Ces chants n’ont rien de ce qui définit le caractère musical d’un poème (métrique, rime, assonances, …), plutôt s’élancent-ils en lignes souvent brèves (parfois limitées à un mot) au rythme erratique rompu de rejets et accéléré par l’absence fréquente de pronoms (« —Écoutez par le vent, / juillet tremble, plomb / Serre chevilles, soleil fait éclater les yeux »). L’écriture se veut organique (« J’écris dans le noir animal / dans le bleu animal / dans le rouge animal »), faite des frémissements de l’ombre et de la lumière sur des chemins de jadis où nous conduisent les mots.
« Hue les mots! Plus loin encore. » Sont-ils poussés « avant début / d’avant jadis? » Avant même l’élan qui porta les vocables?

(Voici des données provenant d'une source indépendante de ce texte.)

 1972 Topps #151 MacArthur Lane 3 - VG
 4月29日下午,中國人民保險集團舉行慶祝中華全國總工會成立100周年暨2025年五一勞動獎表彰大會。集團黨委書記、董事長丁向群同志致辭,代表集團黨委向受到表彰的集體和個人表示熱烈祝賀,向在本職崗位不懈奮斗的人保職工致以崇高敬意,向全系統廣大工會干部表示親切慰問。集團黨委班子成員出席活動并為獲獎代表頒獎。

Hélène Sanguinetti, Jadis, Poïena (une poème), Flammarion, 2025.

Hélène Sanguinetti

Hélène Sanguinetti, née à Marseille en 1951, vit à Arles.

Domaine des englués, La Lettre volée, 2017.

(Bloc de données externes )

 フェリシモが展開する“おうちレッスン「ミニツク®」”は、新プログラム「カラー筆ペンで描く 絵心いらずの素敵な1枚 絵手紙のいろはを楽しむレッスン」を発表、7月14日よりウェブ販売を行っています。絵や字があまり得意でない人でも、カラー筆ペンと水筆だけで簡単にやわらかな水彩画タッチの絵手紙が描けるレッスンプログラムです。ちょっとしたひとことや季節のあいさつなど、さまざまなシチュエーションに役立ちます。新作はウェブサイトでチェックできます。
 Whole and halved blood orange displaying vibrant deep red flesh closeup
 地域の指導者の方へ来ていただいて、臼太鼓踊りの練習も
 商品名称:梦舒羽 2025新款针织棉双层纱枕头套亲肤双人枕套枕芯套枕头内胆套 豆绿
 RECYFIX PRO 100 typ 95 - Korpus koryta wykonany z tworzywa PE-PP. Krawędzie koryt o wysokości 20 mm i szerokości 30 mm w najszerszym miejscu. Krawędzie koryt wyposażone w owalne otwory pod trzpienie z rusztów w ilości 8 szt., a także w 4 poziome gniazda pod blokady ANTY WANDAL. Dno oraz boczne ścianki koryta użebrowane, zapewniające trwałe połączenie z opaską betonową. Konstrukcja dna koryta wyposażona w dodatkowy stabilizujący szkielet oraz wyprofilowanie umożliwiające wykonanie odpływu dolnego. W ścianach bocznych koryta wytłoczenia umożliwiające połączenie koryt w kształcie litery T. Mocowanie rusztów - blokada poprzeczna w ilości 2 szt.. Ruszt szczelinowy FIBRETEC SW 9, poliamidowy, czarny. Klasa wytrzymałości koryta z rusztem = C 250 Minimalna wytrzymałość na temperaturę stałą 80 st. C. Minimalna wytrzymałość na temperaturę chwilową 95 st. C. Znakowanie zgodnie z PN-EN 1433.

« Le mal? Vouloir tout. Là. Ensemble. Le tout vibrant, foisonnant, chantant à tue-tête, rebondissant. », cette citation du personnage qui intervient comme narrateur dans ce long poème en dit ce qui l’anime. Distinguées par les choix typographiques, d’autres voix s’y joignent, dans ce qui se déploie à la manière d’un rêve éveillé, qui s’aventure en s’écrivant et avec quel élan! (« Ne pas retenir les chevaux »): une voix intermittente, prisonnière d’un cartouche (engluée?), des chansons, des lignes de poèmes, un conte. Elles accompagnent la prose du narrateur qui adresse des lettres à une femme. S’y adjoignent divers signes typographiques ou arithmétiques, des griffures, des émoticônes… Il y en a pour l’œil autant que pour l’oreille, il y a de l’animal et du minéral, il y a la mer, le vent, le feu, de l’humour aussi et une énorme fringale de vie à l’origine de cette architecture ample et complexe, ce « capharnaüm », où la couleur rouge revient en récurrence.
« CHEVAUX QUI ME BOUSCULENT, M’EMPORTENT, ET LA PAROLE, / ATTACHÉE À LEURS FLANCS, / À LEURS CUISSES QU’UNE SORTE DE FEU FAIT TREMBLER ».
Dans une réponse à une question de Jean-Baptiste Para, en deuxième partie d’ouvrage, Hélène Sanguinetti révèle: « ce n’est pas dans le poème ou la poésie que je crois, c’est dans toute la vie et je n’ai trouvé que cette sorte de poème pour dire cela, le rendre réel ».
Le sujet premier de ce livre est le poème, le poème se vivant en s’écrivant (et en se lisant).

Hélène Sanguinetti, Domaine des englués, La Lettre volée, 2017.

Hélène Sanguinetti

Publié avec l’aimable autorisation d’Hélène sanguinetti.
Hélène Sanguinetti, « Alparegho, Pareil-à-rien », éditions de l’Amandier
Née à Marseille en 1951, Hélène Sanguinetti vit à Arles. Elle est aussi plasticienne.
Écrit dans une langue visuelle autant que sonore, « Alparegho pareil-à- rien » est un long poème incantation réparti en sept chants. Figure approximative que les mains ont fait naître, un nom lui est donné qui le fait exister en une vie possible. « Pareil-à-rien » est son blason. Alors, venu de l’enfance de l’auteure et d’encore en amont de ces mots, un souffle l’anime, Il devient chevalier à armure et bouclier cabossé. Comme un enfant qui s’isole dans son jeu, il fait se rencontrer plusieurs voix.